Edit: just realized you were asking about a vector intrinsic. Sorry. I’d personally like to have those, too, but no one has put together a complete design yet. There’s some prior discussion in another issue I can’t find at the moment.

rsc · 2020-02-12T18:20:32Z

I seem to remember a discussion when we wrote https://github.com/golang/go/wiki/AssemblyPolicy (only 18 months ago). Does anyone know if there's a link somewhere to that discussion?

FiloSottile · 2020-02-12T22:00:59Z

In general the policy seems good to me, though I do feel that if a contributor is following the current assembly policy then they would already be meeting the bar of the new one. Maybe we need to expand the advice even more, I'm not sure.
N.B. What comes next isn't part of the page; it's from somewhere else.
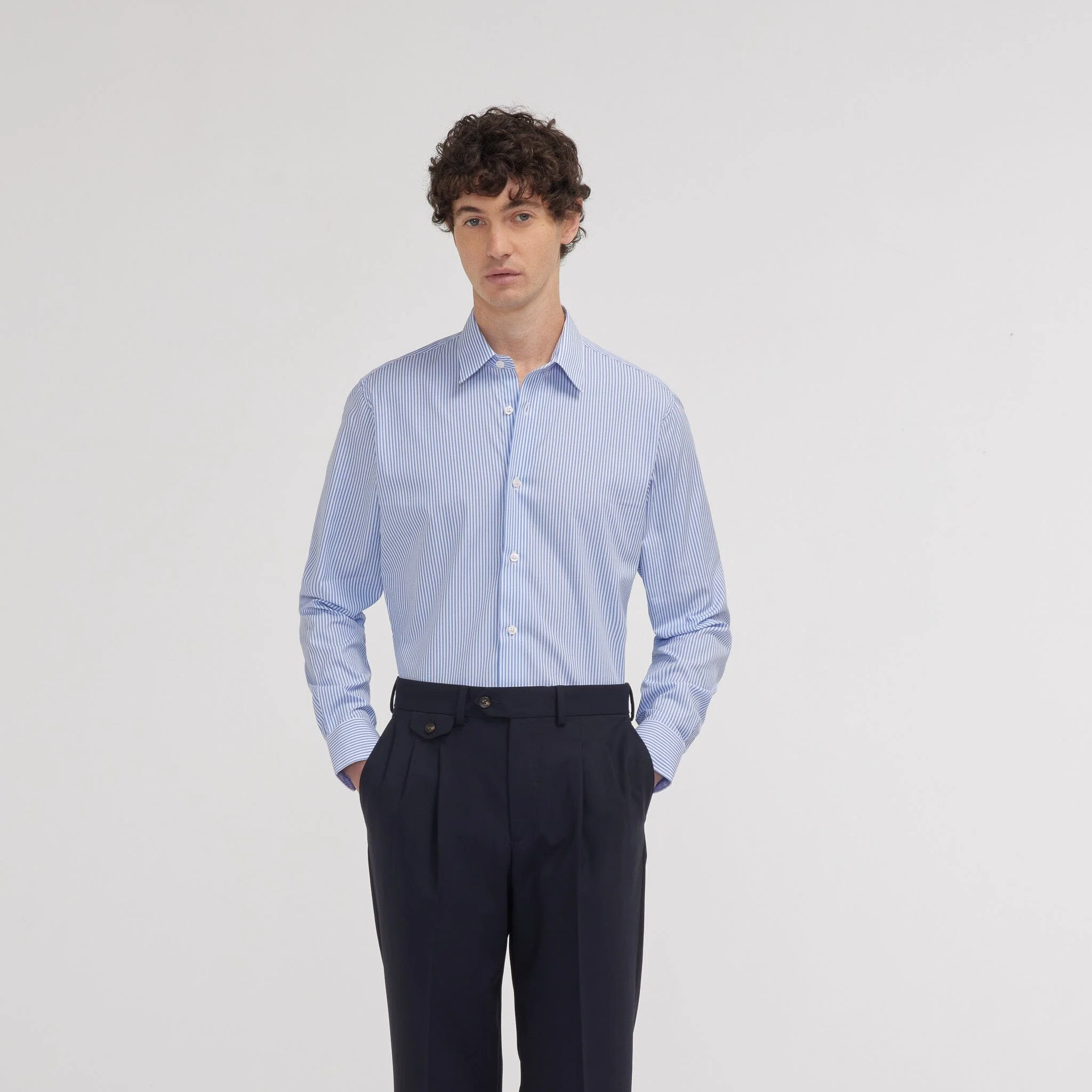 Chemise cintrée en popeline double retors à petites rayures bleu ciel

Hmm, the major differences should be a stronger preference for code generation, and the requirement for a Go reference implementation that matches small assembly functions 1:1. For example, there are generic implementations that do 32-bit limbs while the assembly does 64-bit limbs, and that would not be acceptable anymore, or assembly where the only entry point is ScalarMult, which would have to be broken up in a dozen or so functions.
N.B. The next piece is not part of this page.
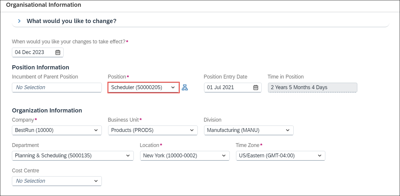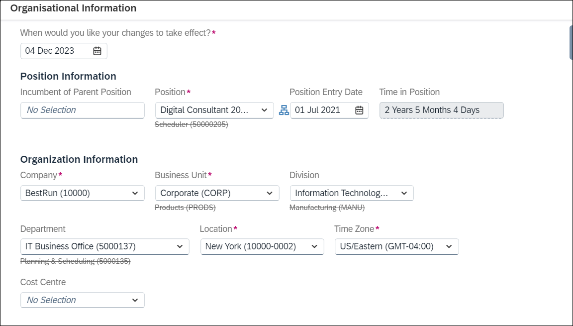 In this sample use case, an employee will have a Position Change from Scheduler (current position) to Digital Consultant (new position). This will be applied within the employee's Job Information in SuccessFactors, as shown in the screens below.

One thing that this proposal doesn't address is the fairly common practice of taking assembly from another project (e.g. OpenSSL) and porting it to Go assembly. I see this in reviews every so often. One concrete thing that I think we should encourage people to do is to document the repositories and, importantly, the exact version control revisions that their code is based on so that it is easier to check for upstream changes. Having said that, when reviewing such code do you think that it is better to encourage keeping the code close to the original so that it is easier to update with upstream changes (assuming anyone ever bothers to check for them) or to modify it more heavily to fit with the policy? Sometimes contributors don't fully understand the implementation or algorithm they are porting and so it will be very hard for them to rework it to fit with the policy. Or they may just be reluctant to change the code too much. How firm should we be in that sort of situation, assuming it is otherwise well tested?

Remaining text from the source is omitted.